Given data:
Segment Open

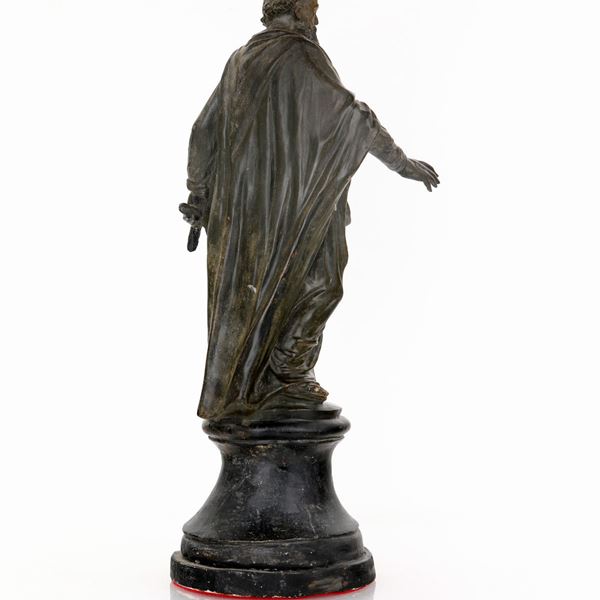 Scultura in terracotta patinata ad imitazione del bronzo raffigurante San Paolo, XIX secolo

Segment Closed
Segment Open

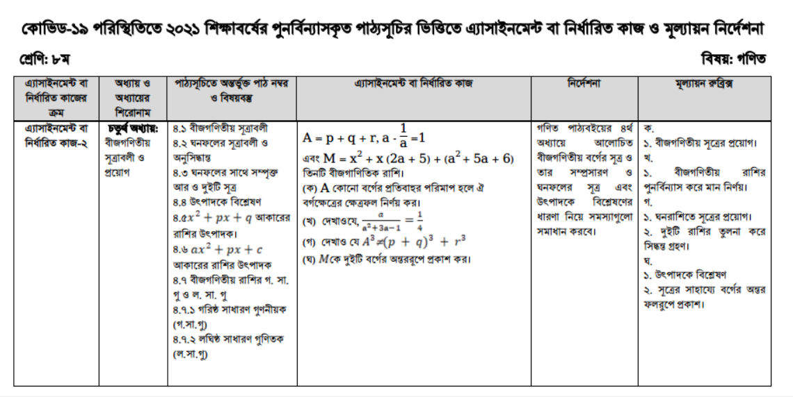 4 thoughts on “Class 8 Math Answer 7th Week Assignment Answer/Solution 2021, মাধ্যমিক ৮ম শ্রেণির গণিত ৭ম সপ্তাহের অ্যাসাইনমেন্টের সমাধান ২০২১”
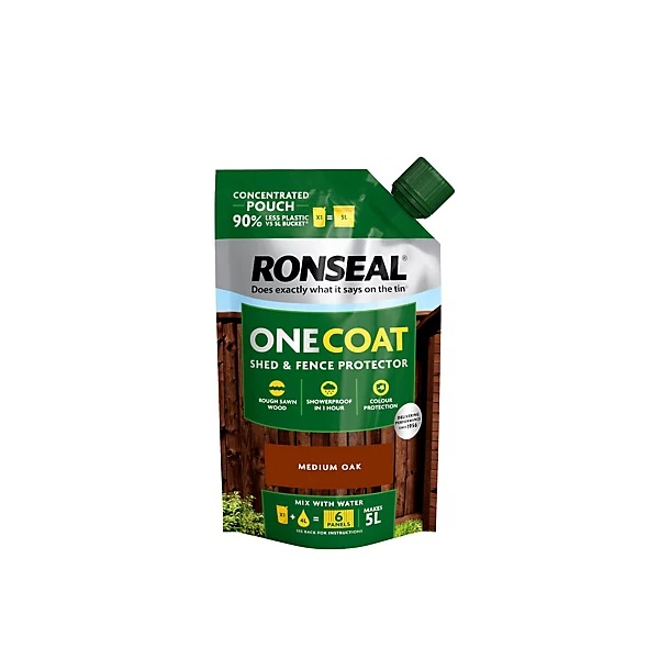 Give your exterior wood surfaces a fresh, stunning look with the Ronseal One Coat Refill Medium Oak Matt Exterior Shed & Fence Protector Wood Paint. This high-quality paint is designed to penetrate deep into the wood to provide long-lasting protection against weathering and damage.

Segment Closed
Segment Open

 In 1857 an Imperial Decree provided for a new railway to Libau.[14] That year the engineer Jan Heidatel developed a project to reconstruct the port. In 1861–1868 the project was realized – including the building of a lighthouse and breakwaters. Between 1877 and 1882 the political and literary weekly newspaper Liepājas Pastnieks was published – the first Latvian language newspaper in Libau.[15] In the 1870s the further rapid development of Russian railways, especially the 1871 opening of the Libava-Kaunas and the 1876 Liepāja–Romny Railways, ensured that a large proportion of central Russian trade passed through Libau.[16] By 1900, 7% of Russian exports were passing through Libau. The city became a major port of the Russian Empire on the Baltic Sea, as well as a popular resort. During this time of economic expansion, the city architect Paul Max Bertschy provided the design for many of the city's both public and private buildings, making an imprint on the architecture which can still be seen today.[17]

Segment Closed

Task directions:
Copy only what runs above from the line containing "4 thoughts on" through the line containing "Give your exterior", exactly. Leave out the pictures.

Task solution:
 4 thoughts on “Class 8 Math Answer 7th Week Assignment Answer/Solution 2021, মাধ্যমিক ৮ম শ্রেণির গণিত ৭ম সপ্তাহের অ্যাসাইনমেন্টের সমাধান ২০২১”
 Give your exterior wood surfaces a fresh, stunning look with the Ronseal One Coat Refill Medium Oak Matt Exterior Shed & Fence Protector Wood Paint. This high-quality paint is designed to penetrate deep into the wood to provide long-lasting protection against weathering and damage.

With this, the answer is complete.